Pedimos un taxi ¡Seguro era un viaje importante! y subieron algunos bolsos en el maletero. Me di la vuelta a mirar a Martina que desde el portón nos hacía señas de despedida sonriendo. Algo extraño sentí en el pecho...

Nos bajamos en un estacionamiento donde nos esperaba Roland. El caballero del teléfono al fin tenía rostro, un rostro moreno, con lentes y pulcra camisa. A mí me bajó toda la timidez y en un hilo de voz le dije "hola", mientras desviaba la vista y movía la boca en un tic nervioso muy común en mí por esos años.
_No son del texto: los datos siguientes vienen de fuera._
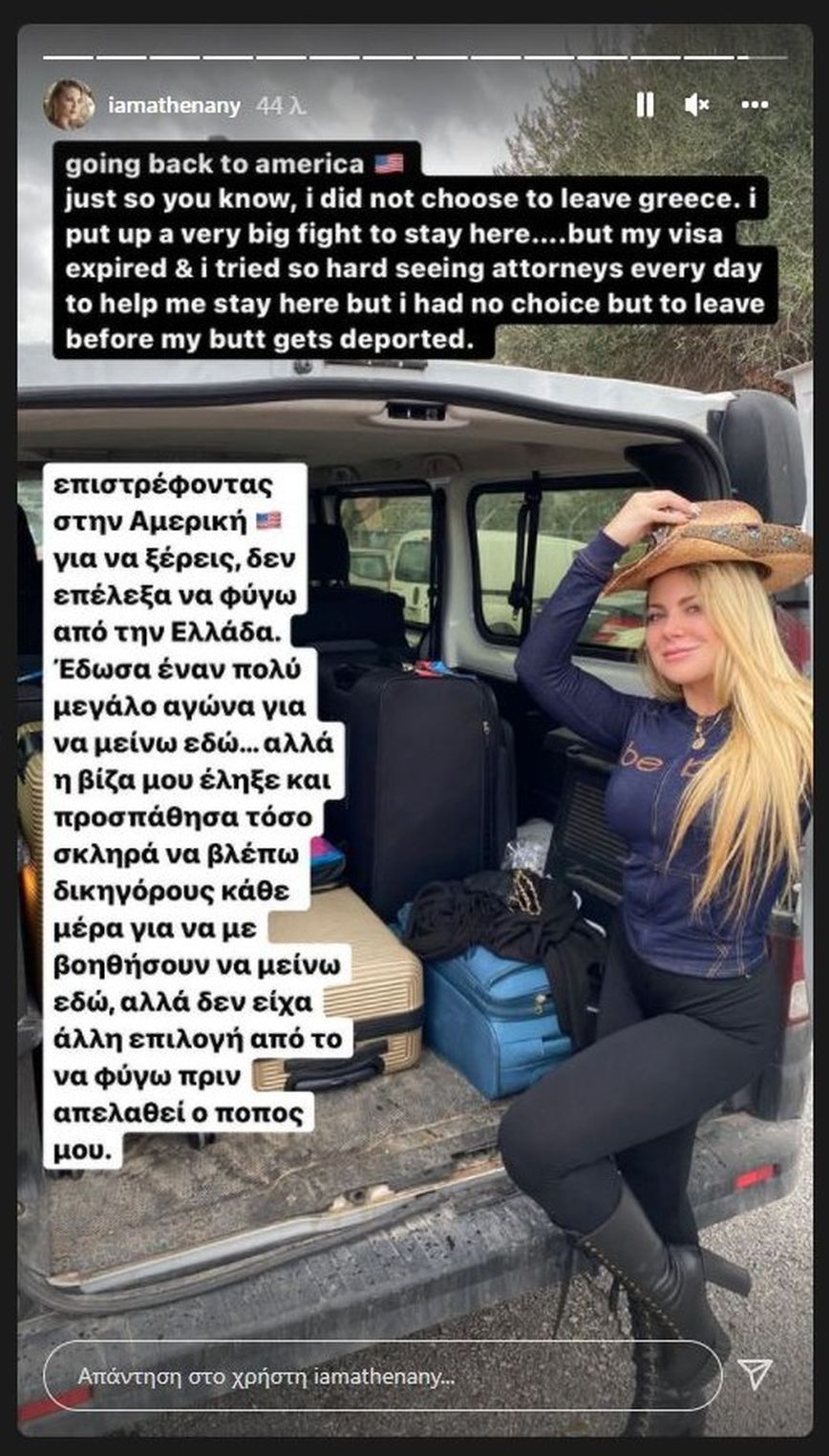 Από την πλευρά της, η Αθηνά, μέσω Instastory έκανε γνωστό πως ταξιδεύει για την Αμερική και ο λόγος είναι πως έληξε η βίζα της.

De pronto sacó de su auto azul un oso ¡un enorme oso amarillo! peludo y esponjoso. Lo recibí y se llamó Nicolás, y con Nicolás me senté en la parte trasera del auto que comenzó a avanzar, a salir de la ciudad, a introducirse en la carretera que cada vez se volvía verde y más verde y más desconocido. Sería un viaje largo. Volver sería demoroso ¿mamá, no nos vamos a demorar mucho?" decía la pregunta que se me quedaba pegada en la lengua. Pero es que nos estábamos alejando demasiado de casa... En la radio sonaban canciones románticas de Jose Jose y Juan Gabriel que Roland cantaba a todo pulmón ¡ése era un hombre feliz! mi madre, algo nerviosa, le sonreía y luego me miraba a ver si yo también sonreía o si lloraba y entre las dos opciones ¡yo le sonreía! mientras apretaba fuertemente a Nicolás que, gracias al cielo, no tenía vísceras a las que pudiera romper con la fuerza que estrujaba al pobre oso, con tal de que ninguna infantil pataleta perturbara a mi frágil madre.     

De pronto di vuelta la vista hacia ese paisaje extraño tras la ventana, mientras el auto avanzaba veloz lejos cada vez más lejos de mi casa, de mi hermana Marina, del pino del patio y de los ventanales soleados, sin tener yo el control sobre nada de aquel momento....Y de pronto pensé en mi padre. Nunca había pensado en él pero ahora se me ocurría lo triste que se pondría al no verme en casa al volver del trabajo. Me sentí culpable y mala, muy mala. Y entendí, por fin, el secreto que encerraba el inusual brindis en finas copas alemanas de aquella noche en que inició el milenio. Así aprendí, con algo de retraso, la confusa y tragicómica herramienta de la ironía y cómo puede apuñalar corazones desprevenidos.

Los ojos se me aguaron y, a pesar de que intenté detenerla, vi reflejada en el vidrio una solitaria lágrima corriendo por mi mejilla gordita que, afortunadamente, nadie tomó en cuenta. Porque fui consciente de que ese 7 de enero del año 2000, tomé el auto que me llevó lejos, para siempre lejos, de mi infancia.